------ Stored data ------

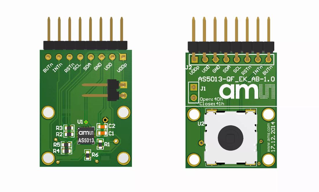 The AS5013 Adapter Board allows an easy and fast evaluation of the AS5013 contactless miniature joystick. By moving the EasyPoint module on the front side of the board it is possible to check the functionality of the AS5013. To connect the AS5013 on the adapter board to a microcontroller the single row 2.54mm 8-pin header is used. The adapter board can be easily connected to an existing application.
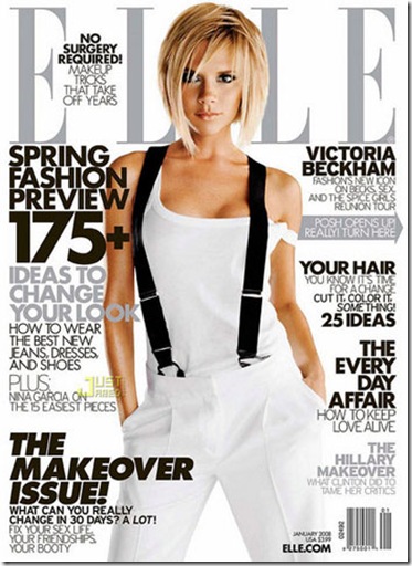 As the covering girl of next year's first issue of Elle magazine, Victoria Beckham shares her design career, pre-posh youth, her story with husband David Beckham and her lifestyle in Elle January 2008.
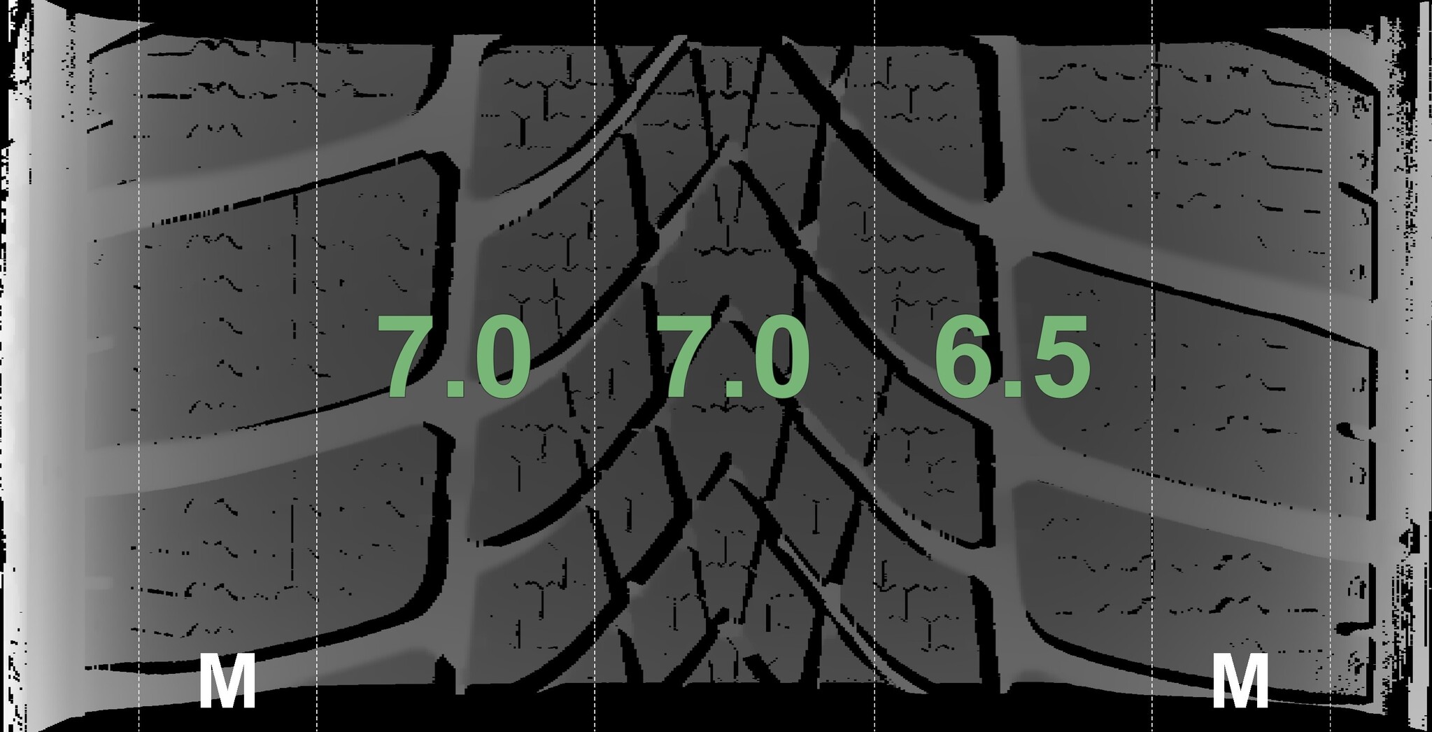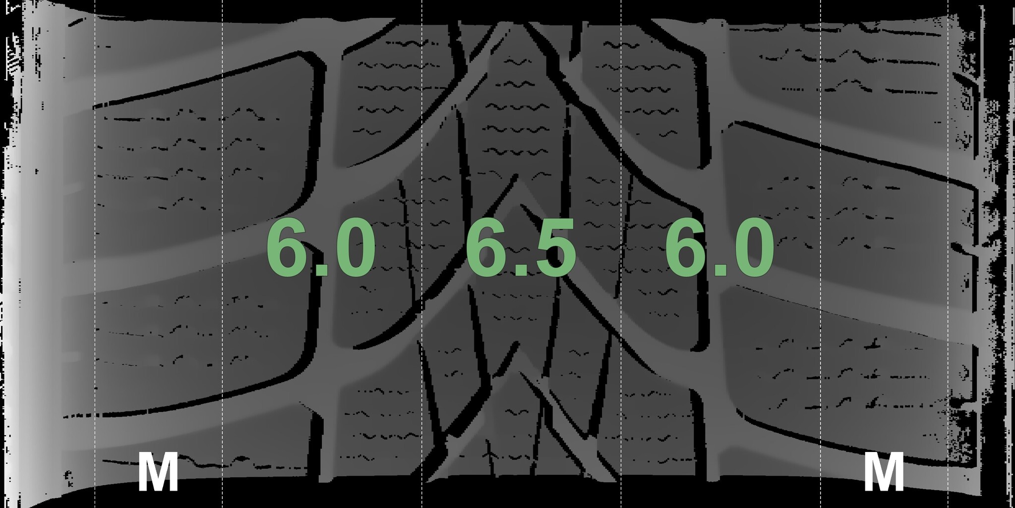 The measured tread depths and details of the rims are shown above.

------
------ Stored data ------

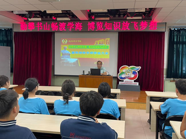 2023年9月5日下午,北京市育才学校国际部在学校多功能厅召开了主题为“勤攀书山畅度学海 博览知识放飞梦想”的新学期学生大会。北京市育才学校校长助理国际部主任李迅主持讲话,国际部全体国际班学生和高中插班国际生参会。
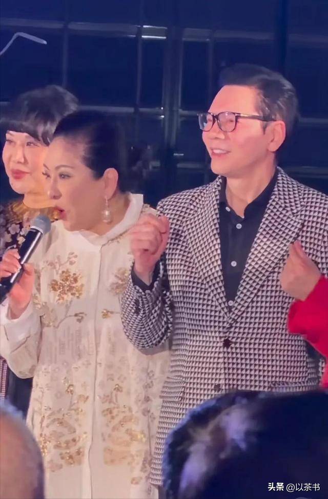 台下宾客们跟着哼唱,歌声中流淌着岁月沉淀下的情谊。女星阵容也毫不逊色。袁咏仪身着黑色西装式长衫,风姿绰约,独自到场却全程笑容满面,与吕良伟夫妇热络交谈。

------
------ Stored data ------

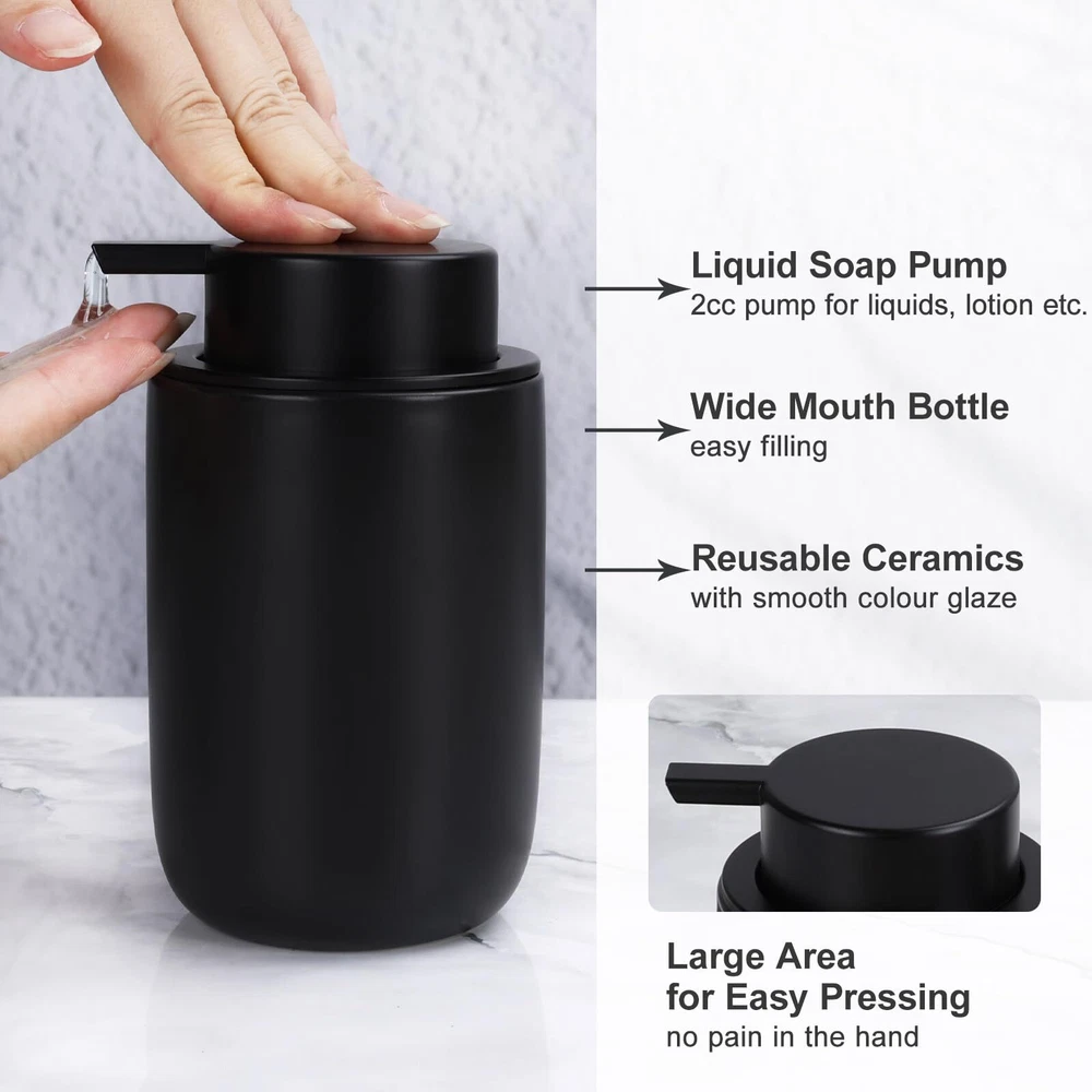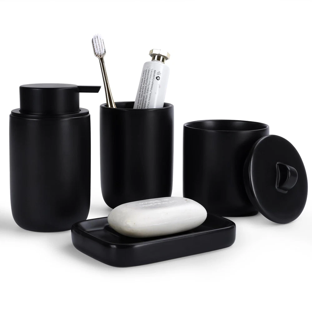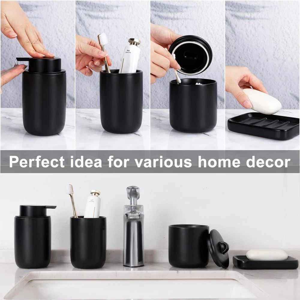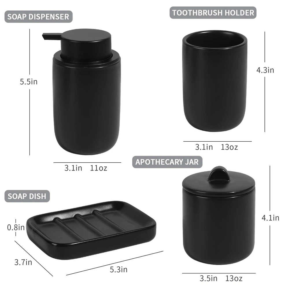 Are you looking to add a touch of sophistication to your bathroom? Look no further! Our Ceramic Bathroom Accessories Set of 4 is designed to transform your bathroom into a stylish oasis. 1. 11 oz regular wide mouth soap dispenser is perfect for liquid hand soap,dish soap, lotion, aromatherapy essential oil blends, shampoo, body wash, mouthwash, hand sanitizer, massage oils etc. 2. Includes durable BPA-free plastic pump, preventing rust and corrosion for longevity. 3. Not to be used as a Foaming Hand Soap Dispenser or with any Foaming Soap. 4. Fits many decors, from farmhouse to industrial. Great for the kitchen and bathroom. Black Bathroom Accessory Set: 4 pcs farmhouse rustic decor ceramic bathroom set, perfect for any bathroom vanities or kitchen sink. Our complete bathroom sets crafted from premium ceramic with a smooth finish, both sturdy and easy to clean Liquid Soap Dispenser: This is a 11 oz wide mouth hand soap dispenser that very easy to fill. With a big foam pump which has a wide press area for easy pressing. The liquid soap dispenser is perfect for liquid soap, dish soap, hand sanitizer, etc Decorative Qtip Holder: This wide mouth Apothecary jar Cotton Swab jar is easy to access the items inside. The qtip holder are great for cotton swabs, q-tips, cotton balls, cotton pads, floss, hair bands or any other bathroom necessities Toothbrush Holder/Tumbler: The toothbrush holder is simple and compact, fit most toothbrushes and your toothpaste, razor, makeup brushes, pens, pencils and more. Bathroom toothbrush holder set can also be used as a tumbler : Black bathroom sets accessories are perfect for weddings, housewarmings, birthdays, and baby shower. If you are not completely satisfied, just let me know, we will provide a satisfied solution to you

------

[Directions]
Take the material above and output only the lines from the one that contains "The AS5013 Adapter" through the one that contains "The measured tread", ends included and images left out.

[Solution]
 The AS5013 Adapter Board allows an easy and fast evaluation of the AS5013 contactless miniature joystick. By moving the EasyPoint module on the front side of the board it is possible to check the functionality of the AS5013. To connect the AS5013 on the adapter board to a microcontroller the single row 2.54mm 8-pin header is used. The adapter board can be easily connected to an existing application.
 As the covering girl of next year's first issue of Elle magazine, Victoria Beckham shares her design career, pre-posh youth, her story with husband David Beckham and her lifestyle in Elle January 2008.
 The measured tread depths and details of the rims are shown above.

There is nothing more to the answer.